The empirical analysis we conducted is not without limitations. We could not verify that the messages did indeed reflect genuine interpersonal communication. A possible method for verifying whether this is the case is to study message content. However, due to privacy reasons, we could not study the content of messages. Moreover, the information supplied when the students registered for the community was not validated. Only students' email addresses were validated to guarantee that they were in fact students at the university. In addition, the dataset does not contain any information about the weakening or severing of ties. Thus, a tie created at the very start of the community was assumed to remain in the network till the end.
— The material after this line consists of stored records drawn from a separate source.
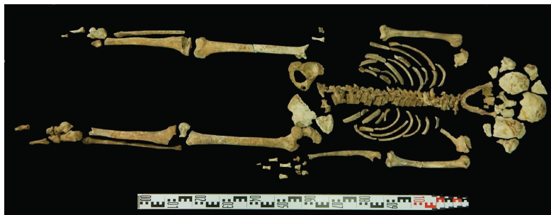
Figura 3. Imagen general del individuo

De acuerdo a las variables analizadas (Todd 1921; Brooks y Suchey 1990; Buikstra y Ubelaker 1994) se trata de un individuo masculino de una edad aproximada de 25-26 años con extremos de 20 a 35 años (figura 3). La estatura fue estimada entre 1,63 m y 1,77 m, a partir de la medición de huesos largos enteros y fragmentados ( i.e. húmero derecho y cúbito izquierdo enteros; fémur izquierdo y tibia derecha fragmentados) (Trotter 1970; Steele 1970).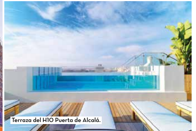
Terraza del H10 Puerta de Alcalá.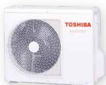
Venkovní jednotka (příklad)

The proposed method is not without limitations. The main one is that required data are difficult to obtain. However, due to the increase in use of electronic medium for social interaction, such as social network sites (Leskovec et al., 2005; Wellman, 1999), and the rise of machine-readable databases with interaction data, such as online repositories of scientific papers (e.g. Newman, 2001a), we believe that this type of data is likely to become more common in the future. In addition, as we are exploring the decision processes of nodes, this method relies on networks where the nodes are in charge of their ties. This is not always the case. For example, in the movie network (Watts and Strogatz, 1998) or the Broadway musical network (Uzzi and Spiro, 2005), ties among people might not entirely reflect people's decisions as it is the casting directors that design the teams of people working together on projects.
The method developed in this chapter is general and flexible. From an actor-based perspective, researchers can test additional growth mechanisms. These could include the geodesic distance among nodes (Wasserman and Pattison, 1996) or dyadic covariates (Snijders, 2001). Furthermore, the method is not limited to social networks. For example, if the sequence in which neurons create synapses and gap junctions can be recorded, this method might yield new and interesting findings. Moreover, the method is not limited to an actor-based perspective. A dyad-based perspective might be adopted to study undirected networks. This would require new terms that take into consideration the decisional process of both nodes when forming a tie. An example of an undirected network where the exact sequence of ties is possible to map is the airport network used in Chapter 3 as routes start and terminate at specific points in time. Moreover, in this network, the weakening of ties (or decrease of capacity) also occurs at specific times.